Company origins are often more confusing than you might expect. We know McDonald's started as a barbecue restaurant, and General Mills created Olive Garden as a brand (no Italians are involved here), while other companies feel more obscure. But all things have a known beginning, especially modern companies. This holds true even for one that seems impossibly old-fashioned — like Quaker Oats.

The history of the Quaker Oats brand isn't just long; it's bizarre, too. If the iconic branding being trademarked in 1877 sounds like an absurdly old origin for a company still operating successfully today, you'd be surprised to know the actual origins of the company go back even further than that to the 1850s.

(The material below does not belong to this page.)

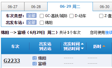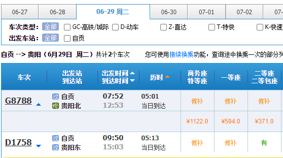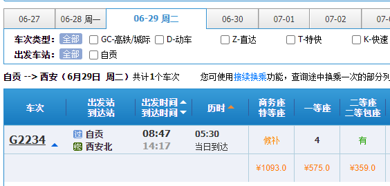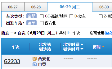 据中国铁路12306订票系统发布自贡高铁站票务信息,6月27日起,自贡开售到成都、西安、贵阳、广州等地的多趟班列车票。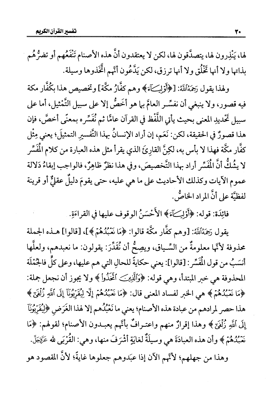 يقول رَحِمَهُ اللهُ: [وهم كفَّار مكَّة قالوا: {مَا نَعْبُدُهُمْ}]، [قالوا] هذه الجملة محذوفة لأنَّها معلومةٌ من السِّياق، ويصِحُّ أن نُقَدِّرَ: يقولون: ما نعبدهم، ولعلَّها أنسَبُ من قول المُفَسِّر: [قالوا]: يعني حكايةً للحالِ التي هم عليها، وعلى كلًّ فالجُمْلَة المحذوفة هي خبر المبتدأ، وهي قوله: {وَالَّذِينَ اتَّخَذُوا} ولا يجوز أن نجعل جملة: {مَا نَعْبُدُهُمْ} هي الخبر لفساد المعنى قال: {مَا نَعْبُدُهُمْ إِلَّا لِيُقَرِّبُونَا إِلَى اللَّهِ زُلْفَى} هذا حصر لمرادهم من عبادة هذه الأصنام؛ يعني ما نَعْبُدُهم إلا لهذا الغَرَضِ {لِيُقَرِّبُونَا إِلَى اللَّهِ زُلْفَى} وهذا إقرارٌ منهم واعترافٌ بأنَّهم يعبدون الأصنام؛ لقولهم: {مَا نَعْبُدُهُمْ} وأن هذه العبادَةَ هي وسيلَةٌ لغايَةٍ أشْرَفَ منها، وهي: القُرْبَى لله عَزَّ وَجَلَّ.

Moreover, the company wasn't simply an oats company; despite its branding around oats, it has sold everything from other breakfast products and sports drinks to children's toys and restaurant chains during its long history.

Quaker Oats expanded its portfolio to include many items

It's wild to think the specific branding of Quaker was so successful that it expanded into other foods while still labeling itself as an oat company, but that's exactly what happened. Oat and wheat cereals were one thing, but the company had rapidly diversified into producing baby food, corn meal, hominy, and animal feed by the time it went with "Quaker Oats" as its official name. From there, other breakfast products – Cap'n Crunch cereal, Aunt Jemima syrup, frozen waffles and pancakes — only made sense. Even Gatorade, acquired in 1983, and Snapple, in 1994, were at least food products.

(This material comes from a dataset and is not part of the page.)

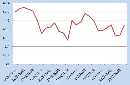 Lúc 8h10’ sáng nay, giá vàng SJC tại TPHCM giao dịch ở 41,74 – 41,89 triệu đồng/lượng (mua vào - bán ra), tăng 90 nghìn đồng/lượng so với cuối phiên hôm qua.

What was a bit more of a head-scratcher was when it got into brands that had absolutely nothing to do with foods, while still being labeled an oat company. These included toymakers like Fisher Price, chemical companies, and even restaurant chains such as Magic Pan. Eventually, most of these non-food brands were sold off; the company no longer owns Fisher Price, restaurant commitments, or chemical manufacturers (it even sold Snapple in 1997, not long after acquiring it). Quaker itself was eventually purchased by Pepsi in 2001.

The company owes its existence to a power struggle

Ferdinand Schumacher, Robert Stuart, and Henry Parsons Crowell founded the American Cereal Company, which would eventually become Quaker. Though they were the big names in Quaker's rise to prominence, none of them came up with the company's iconic branding. It was Henry Seymour and William Heston who, in 1877, registered the Quaker Oats trademark as "a figure of a man in 'Quaker garb.'" (Contrary to popular belief, the Quaker Oats guy has no connection to William Penn.)

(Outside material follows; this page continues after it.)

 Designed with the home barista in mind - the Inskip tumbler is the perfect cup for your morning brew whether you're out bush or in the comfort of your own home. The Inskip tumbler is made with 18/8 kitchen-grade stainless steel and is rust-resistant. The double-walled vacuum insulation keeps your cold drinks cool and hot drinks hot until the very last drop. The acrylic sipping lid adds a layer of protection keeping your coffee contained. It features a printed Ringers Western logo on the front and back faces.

It gets confusing because neither Seymour nor Heston was a part of the company's true rise to prominence. That would instead be Crowell, who purchased the Ravenna, Ohio Quaker Mill and Quaker brand in 1881. When the mascot for that branding finally debuted in 1882, he became the first-ever true breakfast cereal mascot.

It wasn't long before a power struggle ensued, and in the late 1890s, it came to a head. Schumacher, whose company had originally been the largest of the unifying corporations, was initially able to force out Stuart and Crowell, but they returned and gave him the boot. Thanks to Quaker's successful branding under Crowell's leadership, the victors decided to change the name of the American Cereal Company again in 1901, this time for good, to Quaker Oats.